That is a good application for cpvc. In that environment you have engineers that keep a close watch on the system and make sure that no contaminants are introduced.

A house is a totally different ball game though.



GREENPLUM said:


> hungry for more


----------



## Tommy plumber

ToUtahNow said:


> Just as an FYI, when you do work like repipes or whatever your warranty may be different than what the State allows the property owner to seek legal remedy. Most areas out West give the homeowner 10-years to come after the contractor. I believe Georgia gives them 4-years.
> 
> Mark


 My friend who is a building contractor was telling me something about "latent defect". I can't remember nor do I really know the details, but he said that items that fail are covered under the idea of latent defect. I think he said it's 10 years from when a HO should've discovered problem. So I'm guessing that the 10 year period may not start to run in the eyes of the law right away. CPVC, pex etc. could come back to bite alot of us years down the road.


----------



## Protech

Both cpvc and pex have been used extensively in my area since the mid 90s. Roughly 15 years in and I can tell you the ratio of cpvc repairs to pex repairs is something like 30:1

Food for thought.



Tommy plumber said:


> My friend who is a building contractor was telling me something about "latent defect". I can't remember nor do I really know the details, but he said that items that fail are covered under the idea of latent defect. I think he said it's 10 years from when a HO should've discovered problem. So I'm guessing that the 10 year period may not start to run in the eyes of the law right away. CPVC, pex etc. could come back to bite alot of us years down the road.


----------



## ROCKSTARPLUMBER

You guys are diggin kinda deep with this one huh?


----------



## stillaround

I posted the Cresline warranty a while back......you gotta love it when the company says after they evaluate the piece of pipe or fitting..all you get is a piece of pipe and fitting and no consequential damages expressed or implied... and they say whatsoever......;easy interpretation is ..we dont warranty it..screw you..go away.


----------



## TheMaster

I found more leaking durapex .........if you guys find any of that pipe go ahead and tell the homeowner they need a repipe. I_ts crappy pex plain and simple._


----------



## Protech

How did it fail? Pics?



TheMaster said:


> I found more leaking durapex .........if you guys find any of that pipe go ahead and tell the homeowner they need a repipe. I_ts crappy pex plain and simple._


----------



## TheMaster

Protech said:


> How did it fail? Pics?


Micro split running with the pipe about 3/8" long and it was misting water. No pics but i still have the section of pipe in my van.....you want it?


----------



## Protech

Chlorine damage



TheMaster said:


> Micro split running with the pipe about 3/8" long and it was misting water. No pics but i still have the section of pipe in my van.....you want it?


----------



## TheMaster

Protech said:


> Chlorine damage


If its chlorine damage then its exclusive to durapex here...its the only brand i've found with splits unless they didn't have thermal expansion control. The durapex was and has been in an open system.


----------



## Protech

That's correct. The problem with durapex is that they put very little UV protection or anti-oxidants in the pex. There where several problems here in central Florida due to our high chlorine content. UV exposure breaks down the anti-oxidants too. Very short exposures may reduce the anti oxidants even though the pipe does not visually look different.
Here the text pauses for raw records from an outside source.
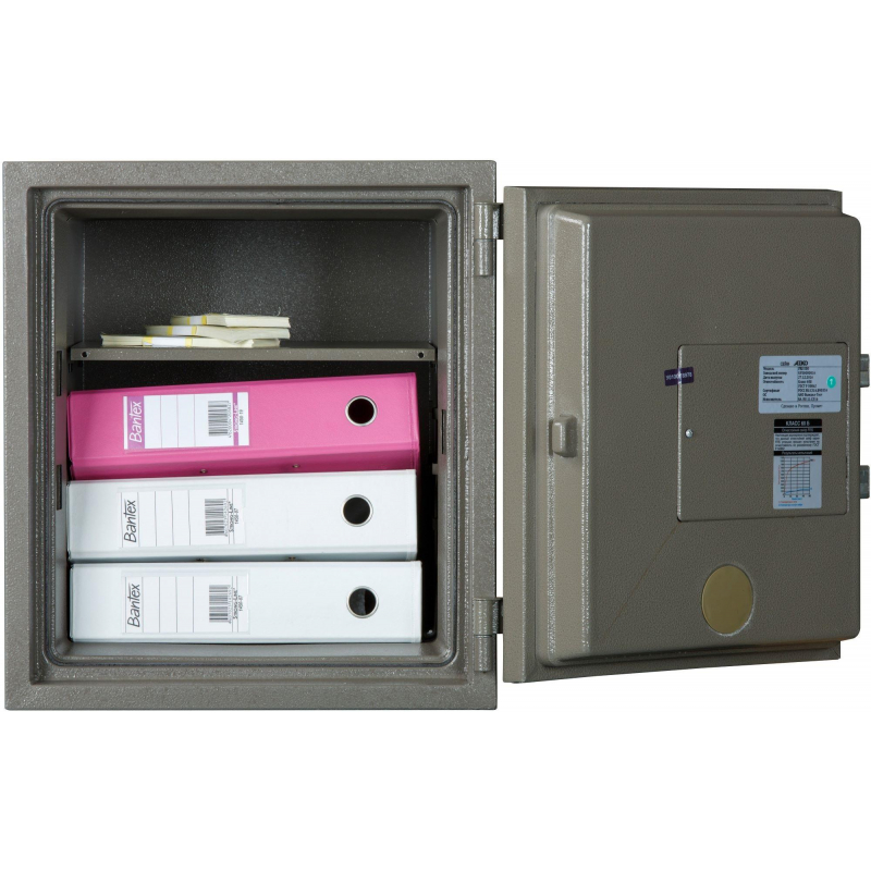 Огнестойкий сейф Aiko FRS-500. - предназначен для сохранности документов и ценностей при пожаре; - огнестойкость: ГОСТ Р 50862-2012: класс 60Б (ГОСТ Р); класс 60Б (РСБ-С); - при заливке двери и корпуса сейфа используется запатентованный состав огнестойкого бетона; - тепловой замок, усиленный огнестойким уплотнителем; - ключевой замок; - цвет: оттенок коричневого с эффектом молотковой эмали; - тип покрытия: порошковое; - предусмотрено анкерное крепление к полу (испытание на огнестойкость проведено с анкерным отверстием). Габаритные размеры сейфа (ШхГхВ): 430х430х480 мм. Гарантия 5 лет (гарантия на электронный замок - 1 год). Дополнительные элементы (папки, кэшбоксы) в комплект сейфа не входят и заказываются отдельно. Изображения товаров на сайте не могут гарантировать точную цветопередачу.
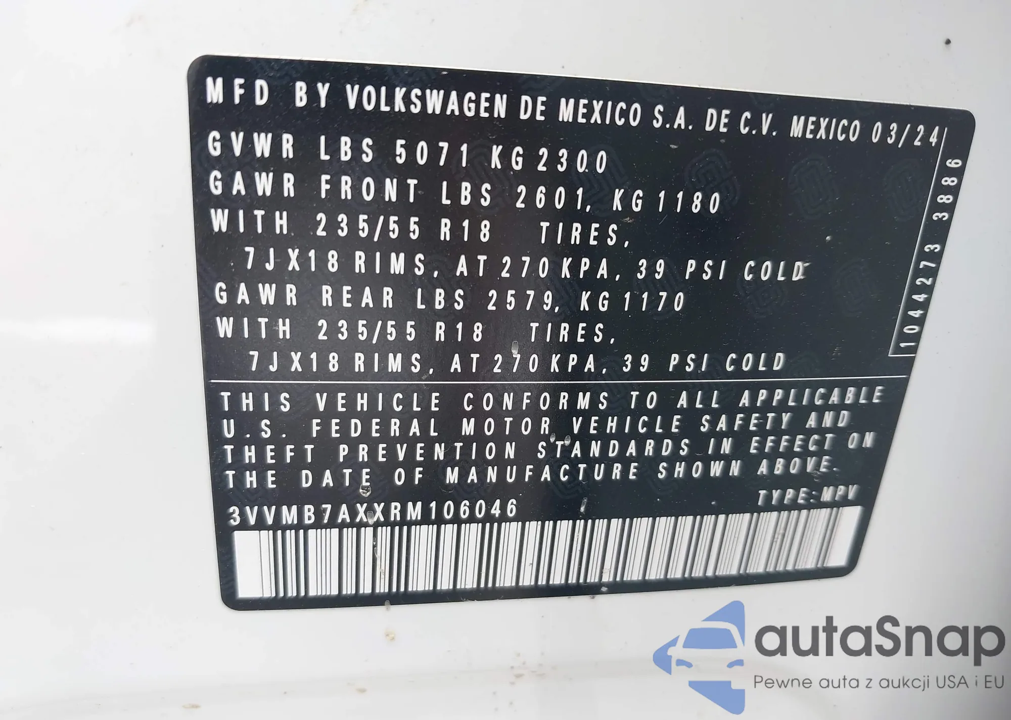 • VIN 3VVMB7AXXRM106046
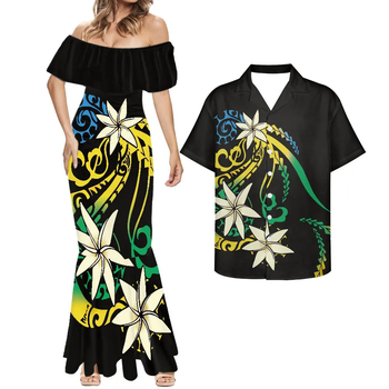 2025 Mới Nhất Polynesian Phù Hợp Với Vài Tùy Chỉnh Nàng Tiên Cá Ăn Mặc Và Người Đàn Ông Áo Sơ Mi Nhiệt đới Mô Hình Bộ Lạc 2Pcs Thiết Lập Bán Buôn
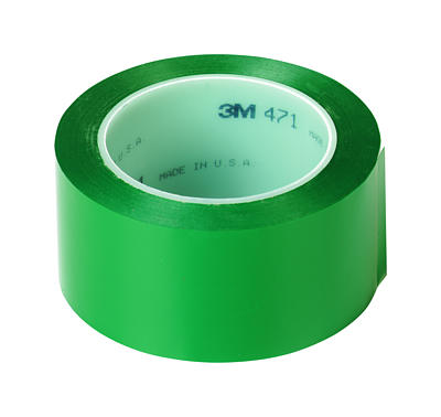 3M™ Vinyl Tape 471 green, 5.2 mil (0.13 mm), vinyl backing with a rubber adhesive, maintain color even when exposed to heavy abrasion, conformable, dead stretch properties to provide straighter lines, clean removal, good solvent resistance.

Uponor is some what similar in this way. The Engle process they use to make the type A pex limits the amount of inhibitors they can put into the mix. As a result the pipe is far more sensitive to UV/chlorine than most other types of pex out there. Thats not to say they can't last. They just can't have ANY exposure to UV and can only be installed on low chlorine water supplies (kinda like polybutylene).



TheMaster said:


> If its chlorine damage then its exclusive to durapex here...its the only brand i've found with splits unless they didn't have thermal expansion control. The durapex was and has been in an open system.


----------



## RW Plumbing

I have personally had 10 or so calls to replace brittle CPVC. I only use PEX myself as I haven't had a single issue with it in over 2 years. As far as cheaper goes, Pex is alot faster to install(at least for me) so that makes PEX cheaper. 
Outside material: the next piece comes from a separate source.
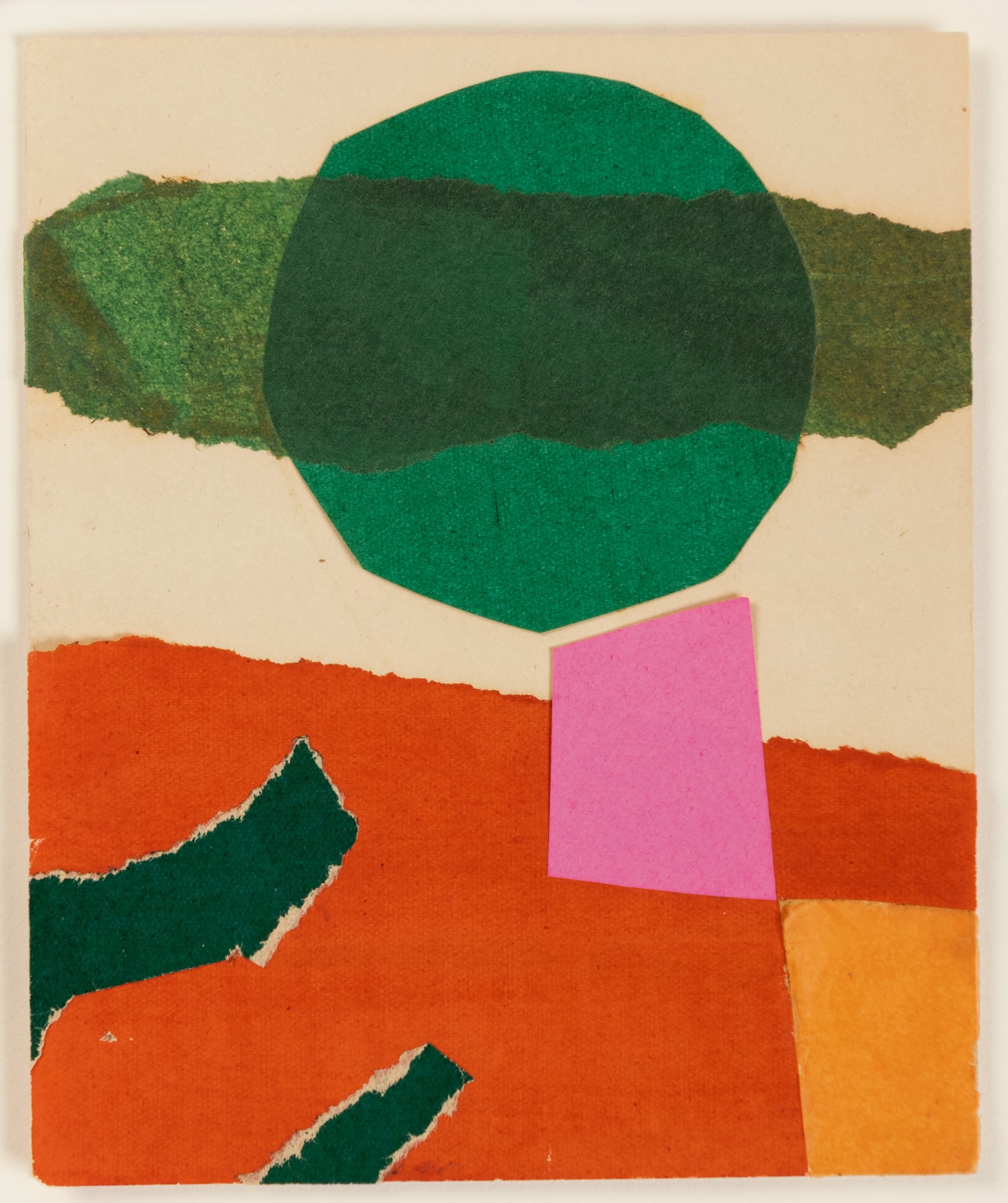 Paper collage on one side of a folded white card.
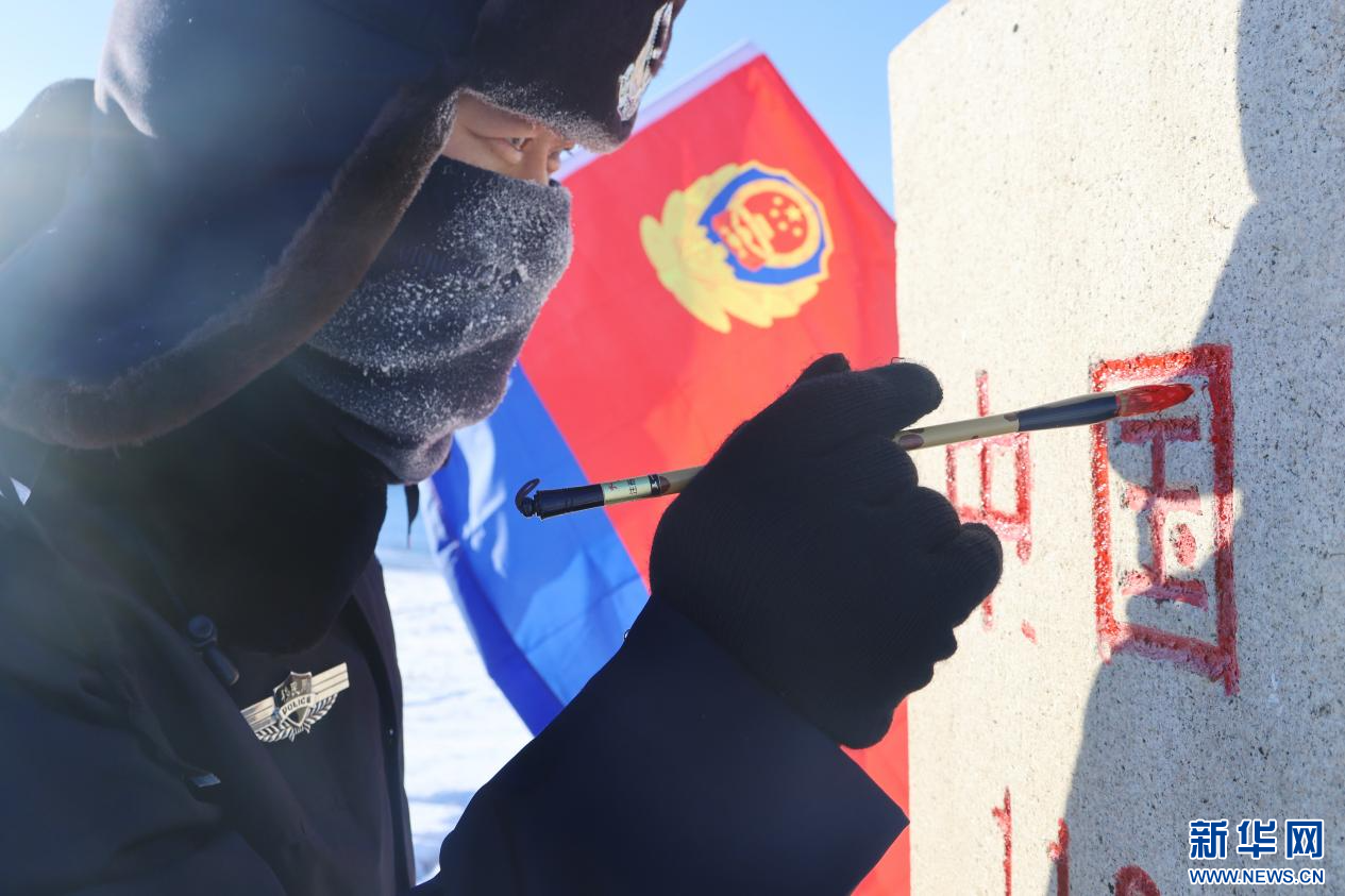 1月9日,驻守在中俄边境一线的呼伦贝尔边境管理支队黑山头边境派出所民警为界碑描红。新华网发 (李永健 摄)

Also CPVC can have micro cracks in it from bouncing around in the truck or whatever, and you don't know until you turn water on. Suprise instant sprinkler system.


----------



## Will

CPVC is king in apartments where I've done most of my plumbing. I don't see much wrong with it when its installed right. I've worked for a company that has done miles of CPVC piping in apartments, and it has held up great. I do remember having to cut out a section of the CPVC in a apartment that had been in service a year or so. The fittings was leaking. I'm going to blame the leak on a poor glue joint. I wouldn't say CPVC sucks, just because 1 in a few thousand glue joints leaked. I'd blame that more on installer error. You have to use brass males or females with CPVC inserts and never use compression stops on CPVC. Make sure you strap it down good and you shouldn't have a problem with CPVC. At least I haven't. 

Now PEX is the piping that is going in houes. I personally hate the stuff. Not because I think it is a poor product, it seems to hold up well. Its just when I install it it makes me like a sparky more than a plumber. And I think it looks like crap when installed. I've only used Wirsbo(very good product imo) and Vanguard. I prefer Wirsbo. I've seen and heard that Vanguard has a problem with the plastic nuts leaking on the Manabloc. I'm pretty sure they have fixed that problem, not sure cause I haven't installed a vanguard house in 2 years now. Wirsbos all I use. Even then I get more leaks on Wirsbo to Vanguard than I do CPVC. I like PEX when there is a chance it might freeze and I always install it as a water service now. Better than PVC cause its not rigid and moves with the soil. 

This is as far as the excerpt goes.